Светлый фон

Устремление, значит, состоит в том, чтобы любить без единой осечки, а если для этого требуется пожертвовать нормальными защитными хлопотами эго – пусть.

В этом Алеша преуспевает. Можно относиться к нему как к простому гению любви. Он не произносит и не имеет в мыслях ни единого злого слова за весь рассказ – или, насколько нам известно из сказанного, за всю жизнь.

Это же хорошо, правда?

При таком прочтении что же удивляет Алешу при смерти?

Давайте быстренько просмотрим рассказ, имея в виду вопрос: «Возникает ли где-то еще понятие удивления?» Возникает: в сцене на стр. 4, где Алешу настигает революционное осознание, касающееся Устиньи. Там тоже мы видим слово «удивление». (Тот миг с Устиньей и тот, что на смертном одре, представляют, насколько нам известно, две величайшие неожиданности в краткой Алешиной жизни [94].)

Итак, свяжем эти два случая: что бы ни удивило Алешу в конце, возможно (наверное), того же рода, что и то, что удивило его на стр. 4.

Что же удивило его там?

Алеша потрясенно обнаружил, что есть такая штука – любовь и что он, Алеша, может быть ее предметом; что он кому-то небезразличен – он сам, без всяких ожиданий работы от него, его можно любить безусловно.

Наш ум примеривается к этому: мог ли Алеша при смерти с изумлением обнаружить, что существует еще бо́льшая любовь того же рода (то есть Божья), а сам он – предмет этой любви?
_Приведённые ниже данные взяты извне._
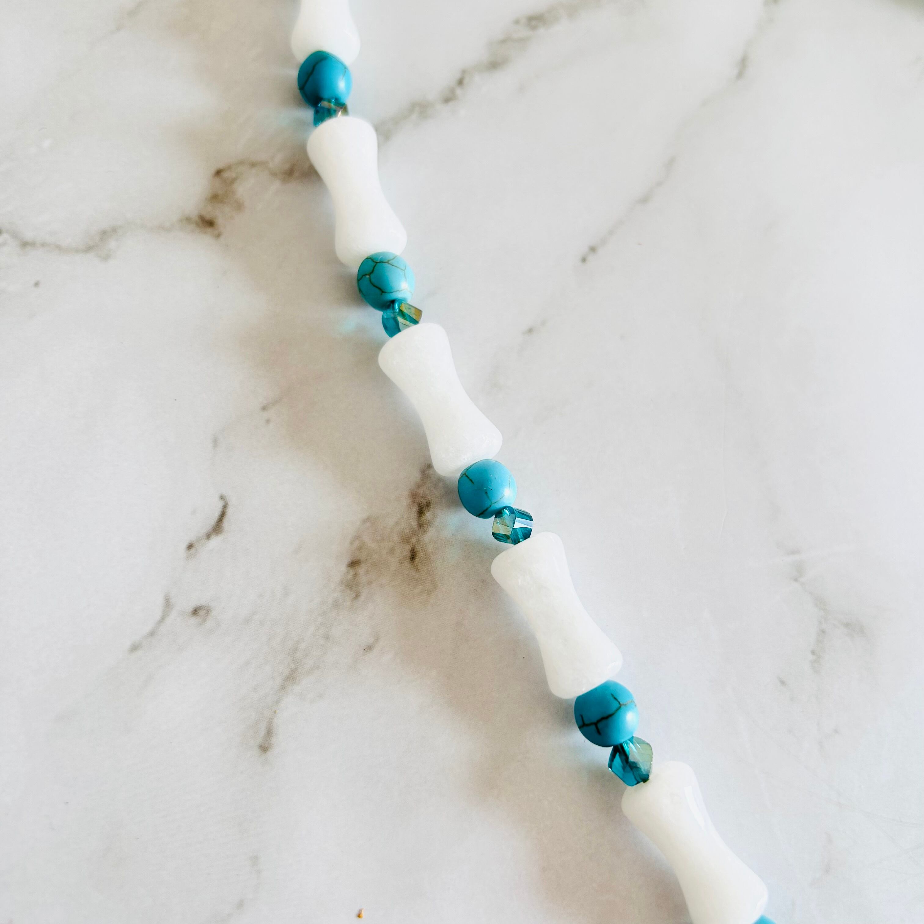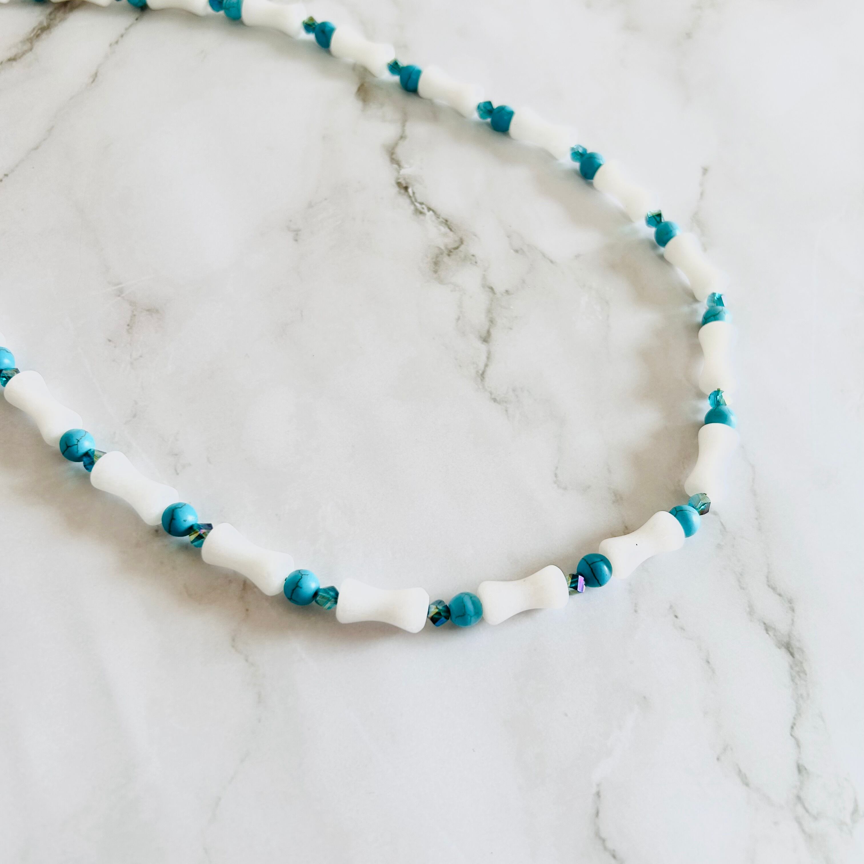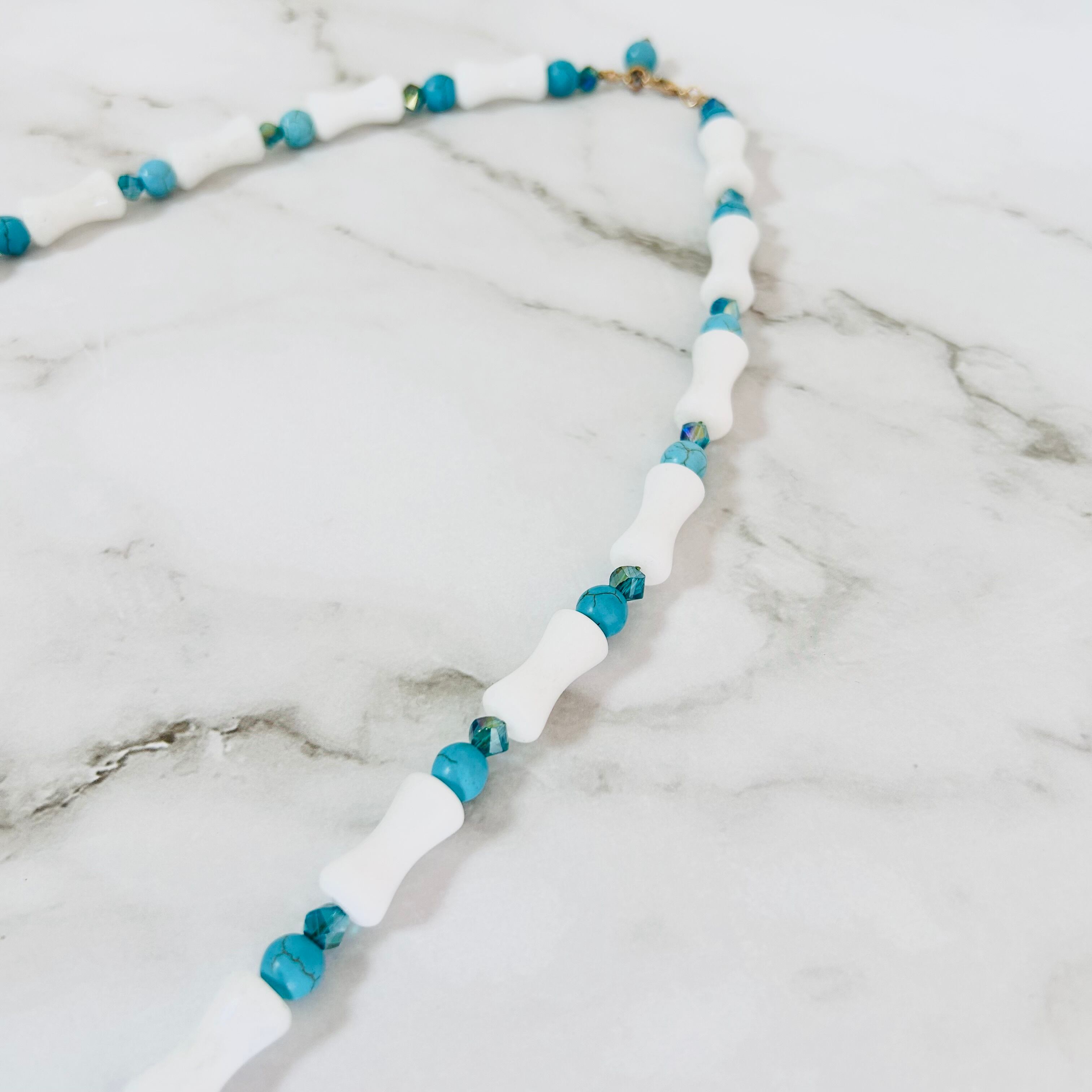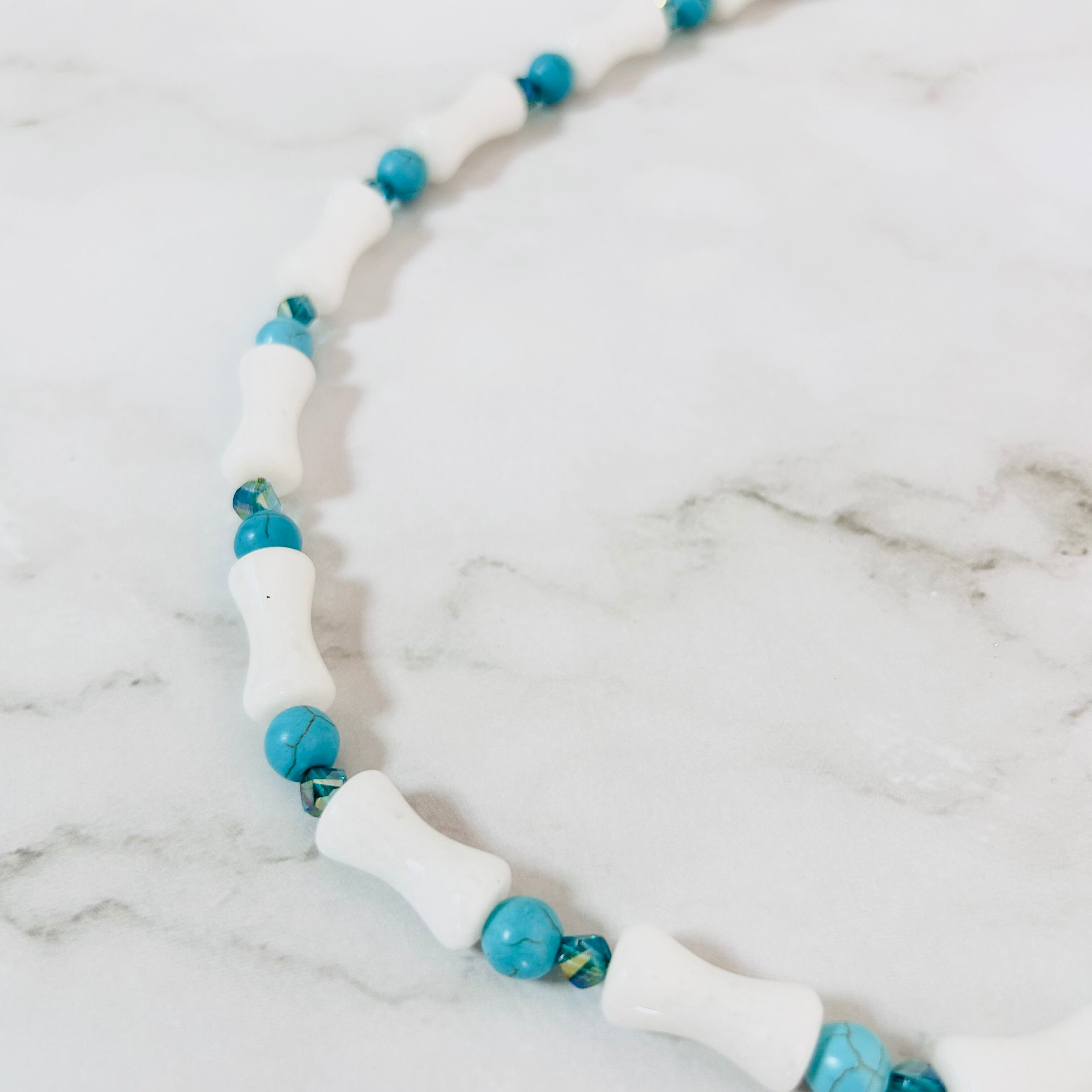 ホワイトストーンパーツとターコイズブルーのストーンを交互にあしらった、爽やかなネックレスです。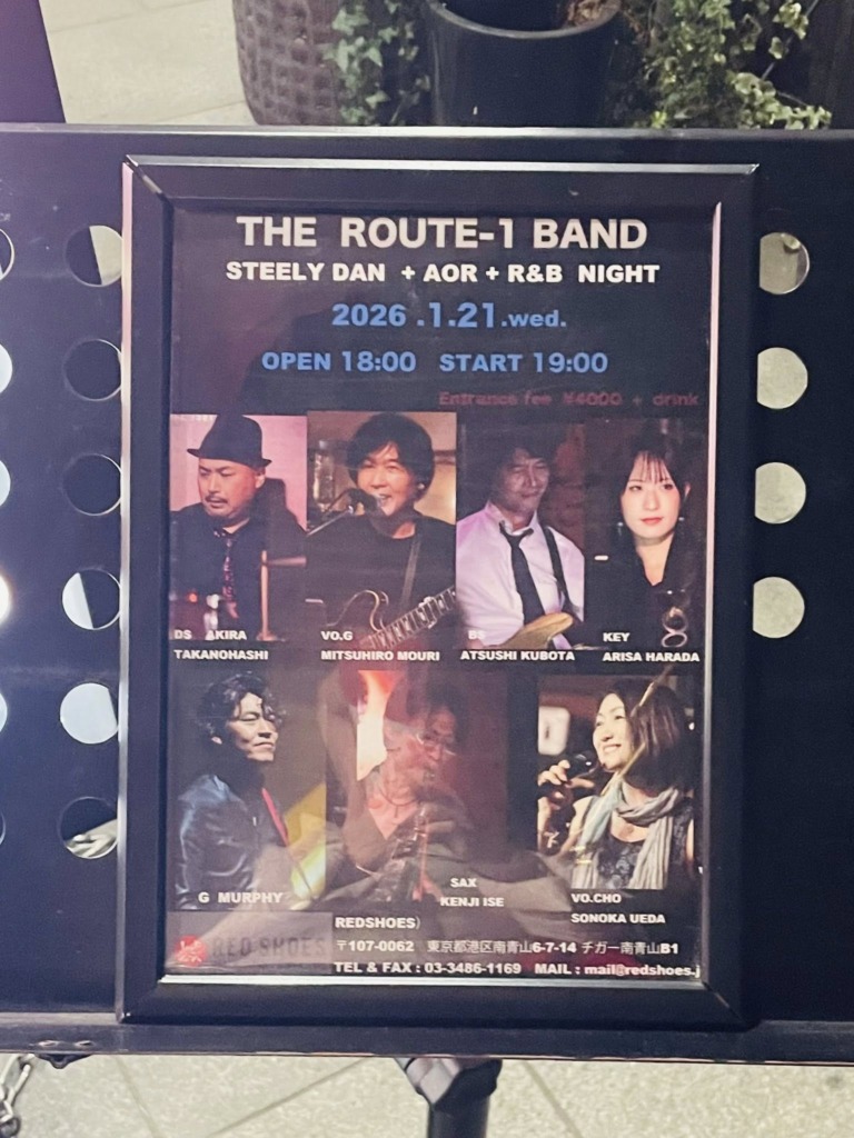 The Route-One Bandのライブを、Red Shoesにて楽しんできました。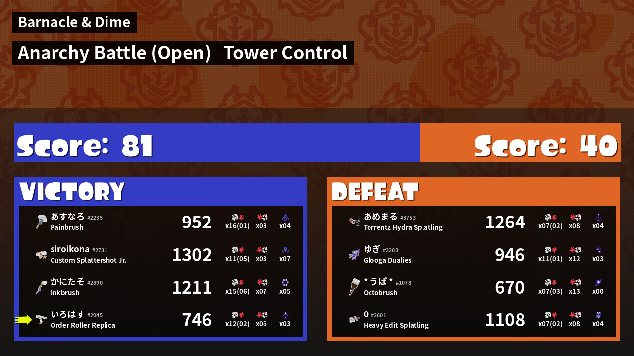 | Mode | Tower Control - Anarchy Battle (Open) |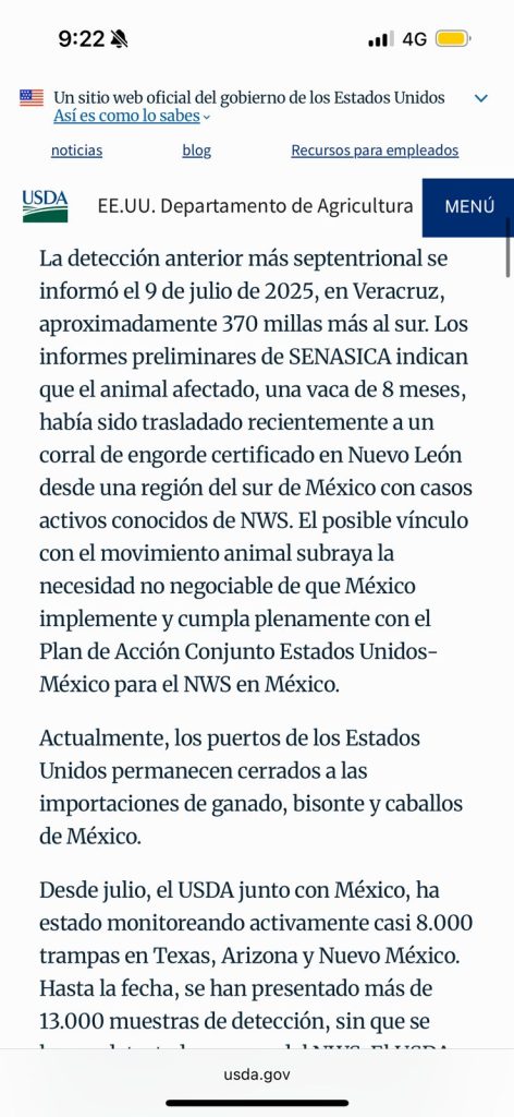 El brote en Nuevo León coloca a los productores mexicanos ante restricciones inmediatas para el movimiento de ganado y afecta el comercio agropecuario binacional. Las autoridades estadounidenses piden a los ganaderos de los estados fronterizos revisar a sus animales en busca de heridas sospechosas, secreciones o presencia de larvas, e informan que ante cualquier indicio de infección se debe contactar de inmediato al veterinario oficial o al USDA.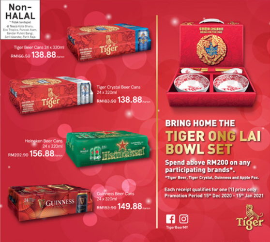 - 必须购买RM200 或以上指定品牌啤酒,就可免费获得Tiger Ong Lai 碗和餐具套组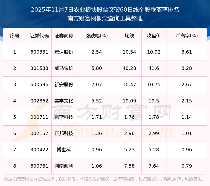 2025年11月7日農(nóng)業(yè)板塊股票突破60日線個股乖離率排名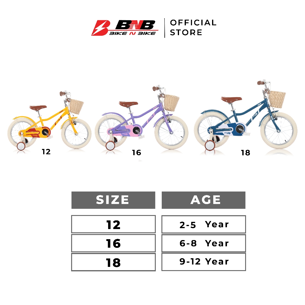 BIKENBIKE - LIMITED EDITION SEPEDA ANAK PEREMPUAN BNB CITY BIKE LILY SIZE 12 16 18 INCH BAN 2.125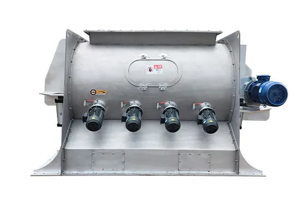 Плужный смеситель из нержавеющей стали состоит из четырех частей: круглого барабана, передаточного механизма, плужных ножей и летающих ножей; изготовлен из нержавеющей стали марки 304. Во время работы плужные ножи совершают круговое движение, и материал разделяется лезвиями плужных ножей на два направления, образуя двунаправленный поток материала.

То есть, может, он почувствовал вселенскую суть того, что он ранее получил от Устиньи? (От такого человек «улыбнется».)

В таком свете рассказ получается радикальный и несколько тревожащий: «Пока человек был кроток, что бы с ним ни происходило и как бы сурово с ним ни обходились, он все равно оставался кротким, и, в конце концов, это оказался правильный путь в жизни, потому что этого человека допустили к любви Божьей».

Он тревожит, однако не лишен смысла как возможное решение вечной дилеммы – дилеммы, как обходиться со злом в мире: не позволять ему вмешиваться в вашу любовь.

Беда с таким прочтением в том, что мерзавцам дозволено быть мерзавцами. Алешиному отцу, например. Алешино непротивление позволяет отцу обращаться с сыном как с вьючным животным. Не лучше ли было б для Алеши отстоять себя? Не лучше ли было б это и для его отца? Можно ли было б расценивать это как жест сострадания со стороны Алеши – жест, посредством которого пали бы у его отца шоры с глаз? («Ой, мой сын – человек, и он заслуживает моего уважения. Я б никогда до этого не додумался, если б он не одернул меня. Отныне стану жить иначе».) Конечно, воздействие могло бы оказаться другим, однако если Толстой желает, чтоб мы понимали Алешу как сверхзвезду самозабвенной любви, тогда Алеше следовало б хотя бы попытаться поставить отца на место: упустив это, Алеша, как нам кажется, совершил осечку в любви.